Because Symbols per trace is set to 3, each trace contains three symbols, and because Samples per trace is set to 8, each symbol contains eight samples. Note that trace 1 contains 24 points, which is the product of Symbols per trace and Samples per symbol. However, traces 2 and 3 contain 25 points each. The last point in trace 2, at the right border of the scope, represents the same sample as the first point in trace 1, at the left border of the scope. Similarly, the last point in trace 3 represents the same sample as the first point in trace 2. These duplicate points indicate where the traces would meet if they were displayed side by side, as illustrated in the following picture.
You can view a more realistic eye diagram by changing the value of Traces displayed to 40 and clearing the Markers field.
When the Offset parameter is set to 0, the plotting starts at the center of the first symbol, so that the open part of the eye diagram is in the middle of the plot for most points.
The following model creates a scatter plot of the same signal considered in Eye Diagram of a Modulated Signal.
To build the model, follow the instructions in Eye Diagram of a Modulated Signal but replace the Discrete-Time Eye Diagram block with the following block:
Constellation Diagram, in the Comms Sinks library
Set Samples per symbol to 2.
Set Offset to 0. This specifies the number of samples to skip before plotting the first point.
Set Symbols to display to 40.
When you run the simulation, the Constellation Diagram block displays the following plot.
The plot displays 30 points. Because Color fading under Rendering Properties is selected, points are displayed less brightly the older they are.
The following model creates a signal trajectory plot of the same signal considered in Eye Diagram of a Modulated Signal.
To build the model, follow the instructions in Eye Diagram of a Modulated Signal but replace the Discrete-Time Eye Diagram block with the following block:
Discrete-Time Signal Trajectory Scope, in the Comms Sinks library
Set Samples per symbol to 8.
Set Symbols displayed to 40. This specifies the number of symbols displayed in the signal trajectory. The total number of points displayed is the product of Samples per symbol and Symbols displayed.
Set New symbols per display to 10. This specifies the number of new symbols that appear each time the diagram is refreshed. The number of symbols that remain in the diagram from one refresh to the next is Symbols displayed minus New symbols per display.
When you run the model, the Discrete-Time Signal Trajectory Scope displays a trajectory like the one below.
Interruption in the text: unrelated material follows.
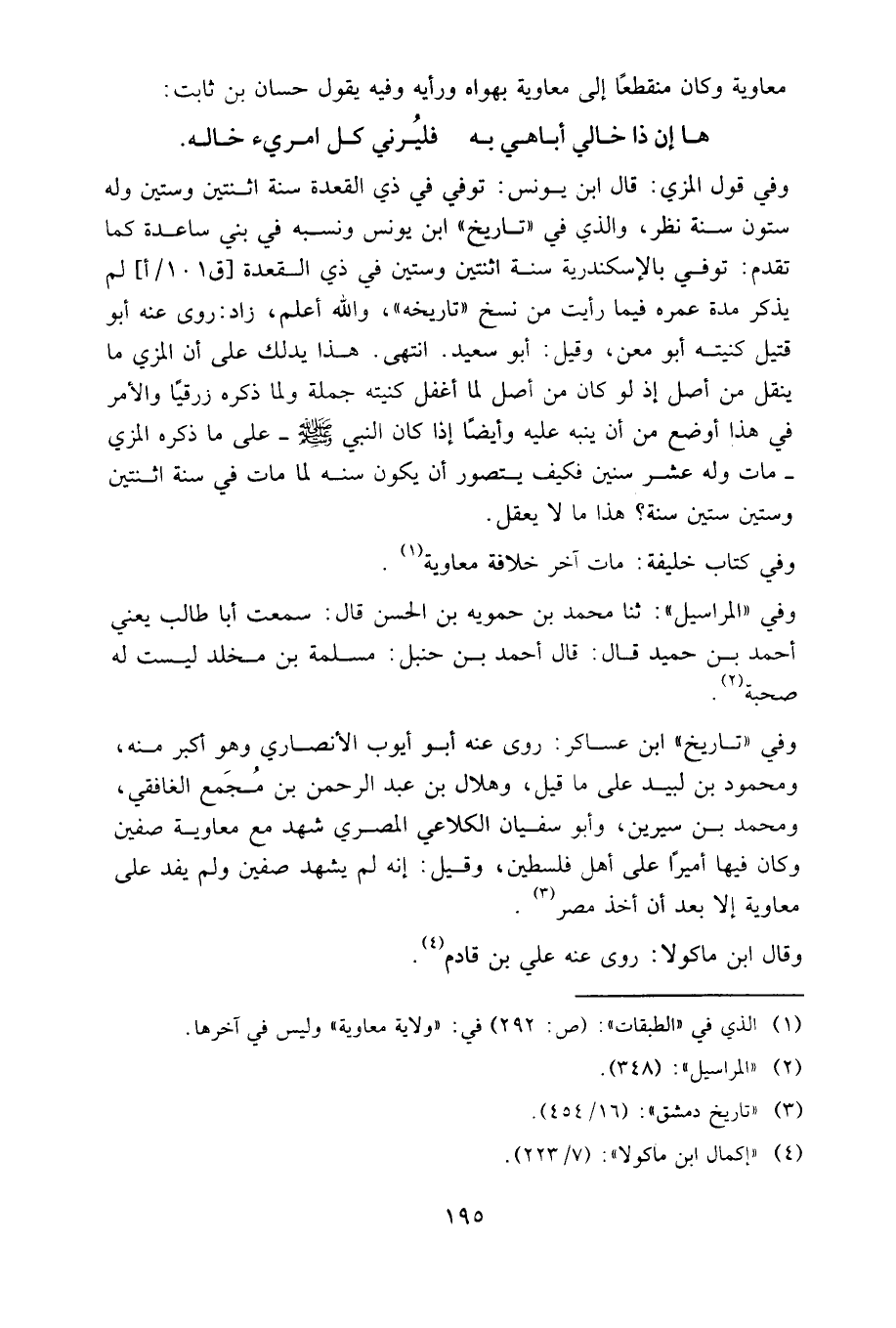 معاوية، وكان منقطعا إلى معاوية بهواه ورأيه، وفيه يقول حسان بن ثابت:

The plot displays 40 symbols. Because Color fading under Rendering Properties is selected, symbols are displayed less brightly the older they are.
See Constellation Diagram of a Modulated Signal to compare the preceding signal trajectory to the scatter plot of the same signal. The Discrete-Time Signal Trajectory Scope block connects the points displayed by the Constellation Diagram block to display the signal trajectory.
If you increase Symbols displayed to 100, the model produces a signal trajectory like the one below. The total number of points displayed at any instant is 800, which is the product of the parameters Samples per symbol and Symbols displayed.